Sadece milleti için görevlerini yaptılar. İşte bu kahramanlardan birisi bizim yazılarımızı görüp televizyonda söylediklerimizi dinledikten sonra 'Bizi en iyi siz anlarsınız' diyerek Güneydoğu'nun en ücra köşelerinden birinden, bir akrabası aracılılığı ile mektup göndermiş. Aslında, bana değil tüm millete, sizlere göndermiş. O nedenle asıl sahibine iletiyorum.

Okurken kalakaldım. Boğazım düğümlendi, gözlerim doldu. Neler düşündüklerini sizin de görmenizi istedim.

Noktasına virgülüne dokunmadan sizlerle paylaşıyorum.

Belki bir yetkili de okur da bu çocuklara kulak verir. Kendileri ve aileleri için hakettiklerini hatta daha fazlasını verir. Ama bizim de onlara çok borcumuz var.

Hep derim; biz generalleri ile uğraşırken, erinden uzman çavuşuna, başçavuşuna, teğmeninden binbaşısına bu ülkede adını bile bilmediğimiz nice genç yiğitler var ve vatan yıllardır bunların omuzunda ayakta duruyor.

Lafı uzatmayayım... Çünkü bunu bu asaleti göreceksiniz...

Çünkü bu mektubu hiç unutmayacağım. Sizin de unutacağınızı sanmıyorum.

***

İşte o mektup:

'Merhabalar

Sizden birşey rica ederek bu satırlara başlamak istiyorum. Yıllardır her şeyimizi feda ederek görev yaptığımız bu vatan, bu topraklar bizim için her şeyden değerlidir. Aileden de, kendi geleceğimizden de.

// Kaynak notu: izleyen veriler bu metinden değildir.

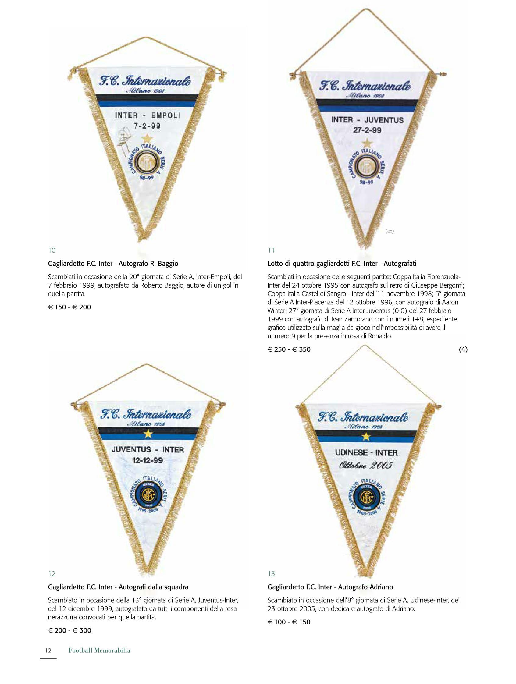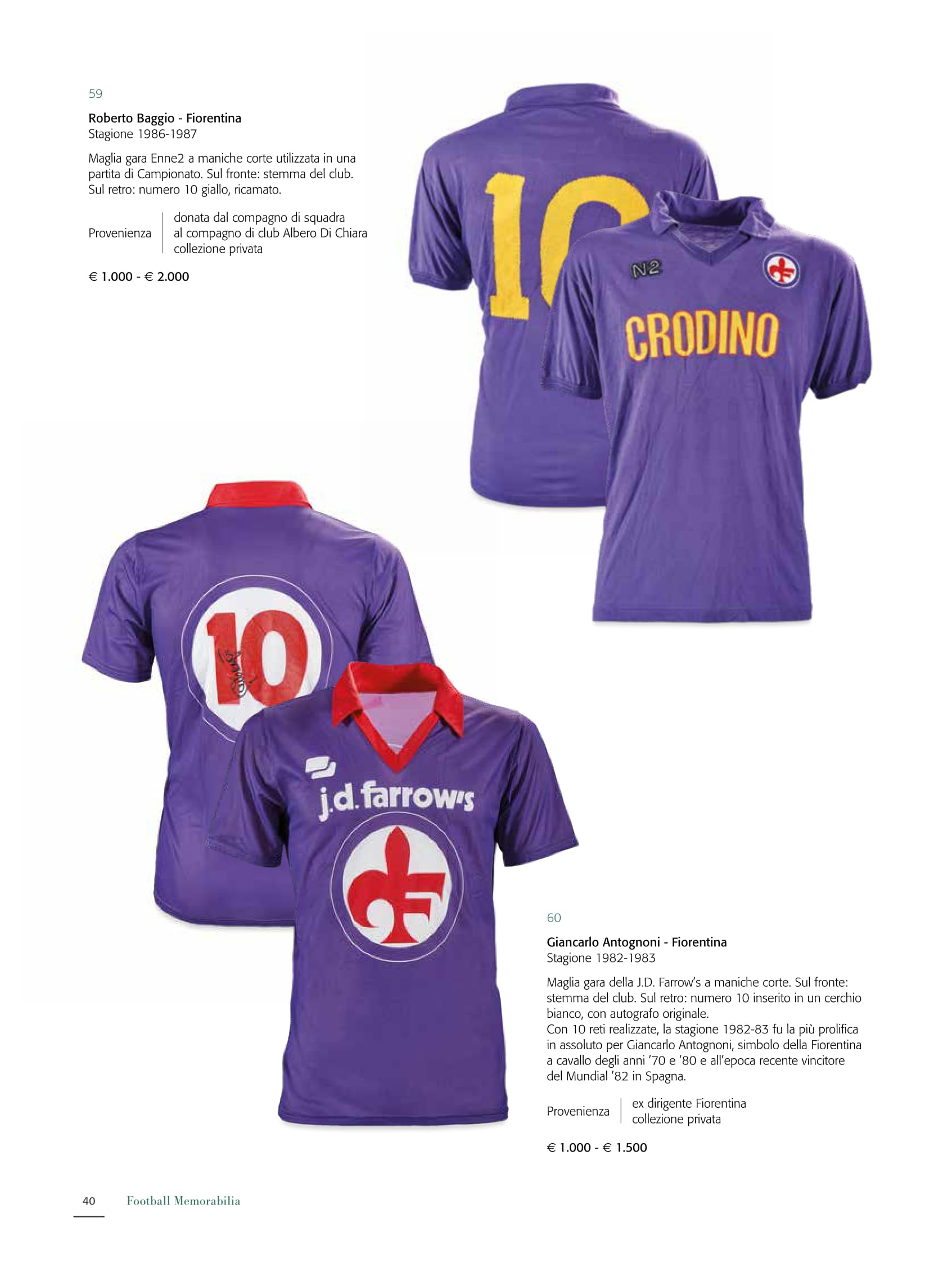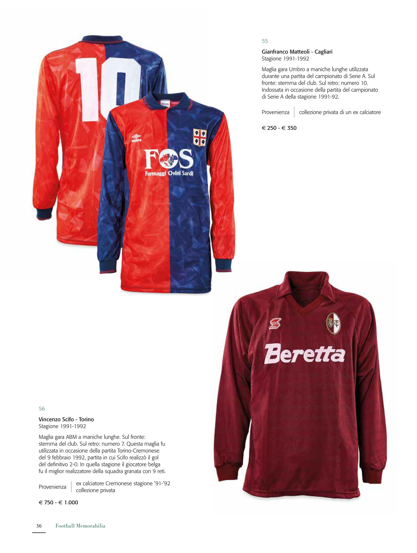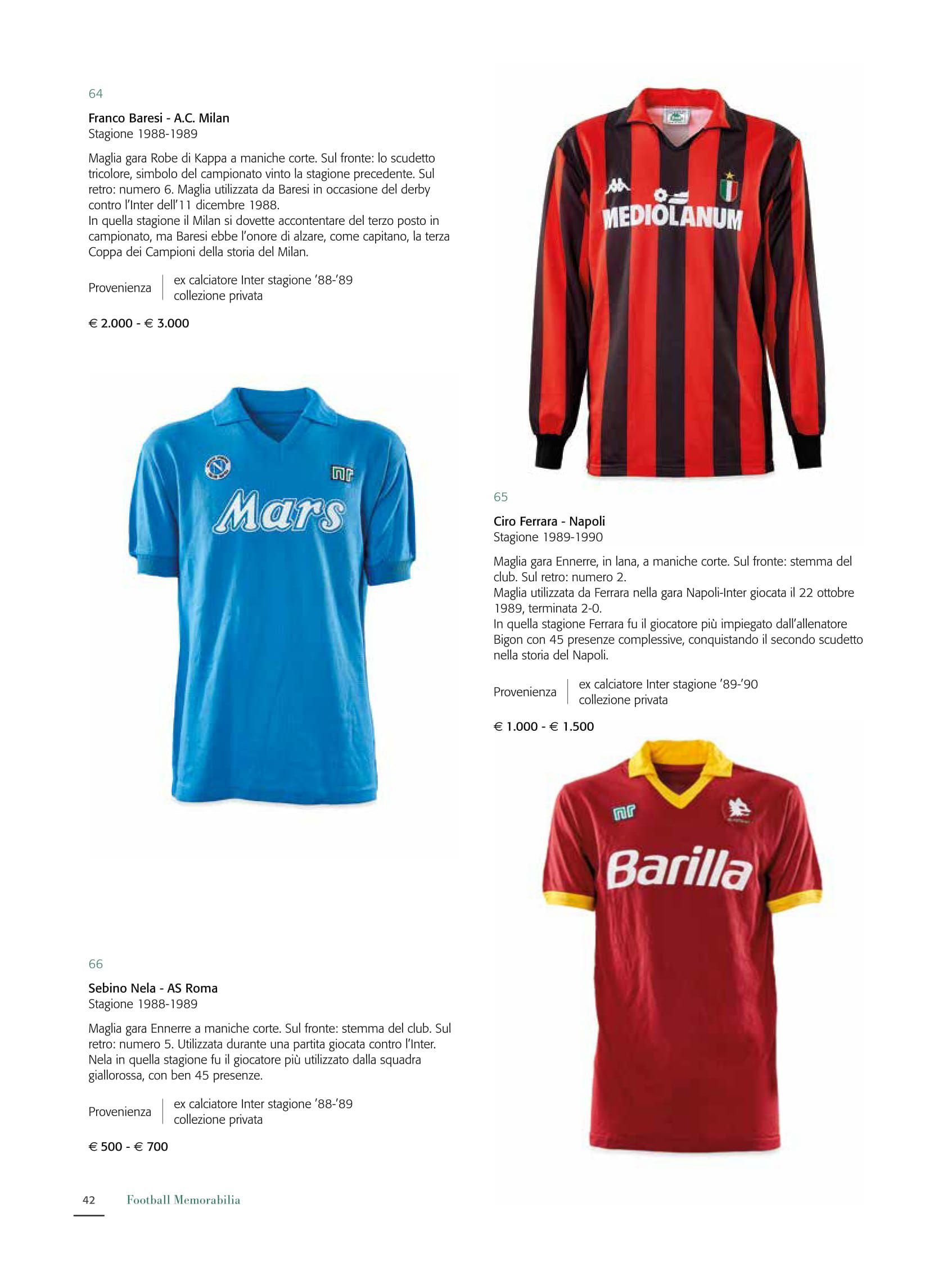 Per quanto riguarda i club l'offerta non è da meno, con sempre il numero 10 protagonista. Sarà battuta la maglia del Brescia di Roberto Baggio, una di Totti, la storica divisa Umbro della Lazio di Paul Gazza Gascoigne, la 10 di Mancini alla Sampdoria e quella di Gabriel Omar Batistuta. Altre magliette interessanti in vendita sono quelle del Milan di Kakà e Ronaldinho e quella di Adriano del Parma.
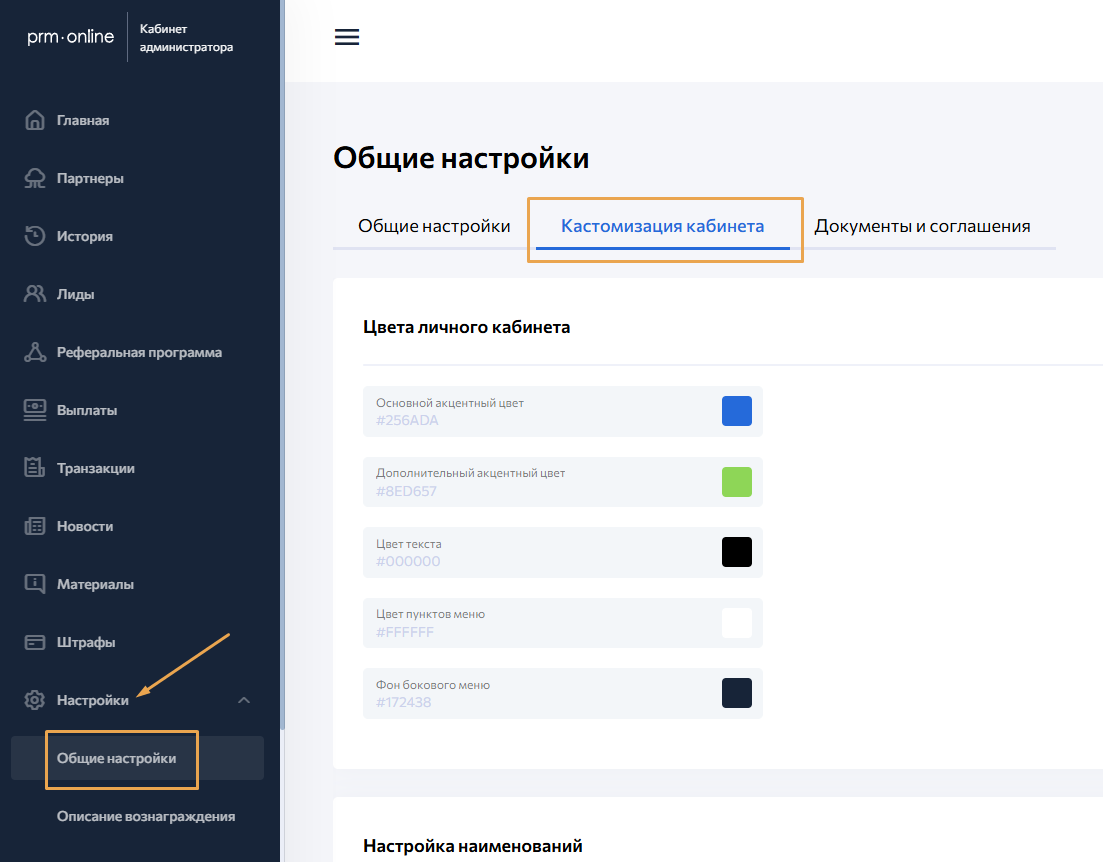 Кастомизация позволяет настроить внешний вид кабинета под ваш бренд: изменить цвета интерфейса, названия отдельных элементов и логотипы. Это помогает сделать работу партнеров внутри системы более бесшовной с точки зрения пользовательского опыта.

Lütfen kimsenin aklına 15 Temmuz gecesi milletine, Meclis'ine saldıranların, silah arkadaşlarımızı, polislerimizi şehit edenlerin asker olduğu gelmesin. Bunlar bizi de içimizden vuran hain teröristlerdir. Türk askeri milleti için vardır. Milletinin evladıdır. Bu asırlardır böyledir ve böylece kalacaktır.

15 Temmuz'dan sonra ordumuzda bir moral bozukluğundan bahsediliyor. Merak etmeyin; bizim moralimiz burada çok iyi. O hainler bizi daha da güçlendirdi.

Dün anneme de söyledim;

'Anne korkma, komşulara da söyle korkmasınlar; herkes "Ülkeye ne olacak?" diye soruyormuş. Biz dimdik burada ayaktayız. Polis arkadaşlar da burada. Tüm vatanseverler toplandık sanki. Ülkenin her yerinde biz ve bizim gibi arkadaşlar var. Bundan kimsenin şüphesi olmasın. Allah utandırmasın, bu ordu, bu millet asla yıkılmaz.'

Zaten bütün bunlar bizim moralimizi bozmak için, bu ülkenin silahlı kuvvetlerini yıkmak için yapılmadı mı; varsın yapsınlar o nedenle şimdi biz bu vatana bir avuç da kalsak sonuna kadar sahip çıkarız. Siz sakın endişelenmeyin. Yeter ki siz bizim yanımızda olun.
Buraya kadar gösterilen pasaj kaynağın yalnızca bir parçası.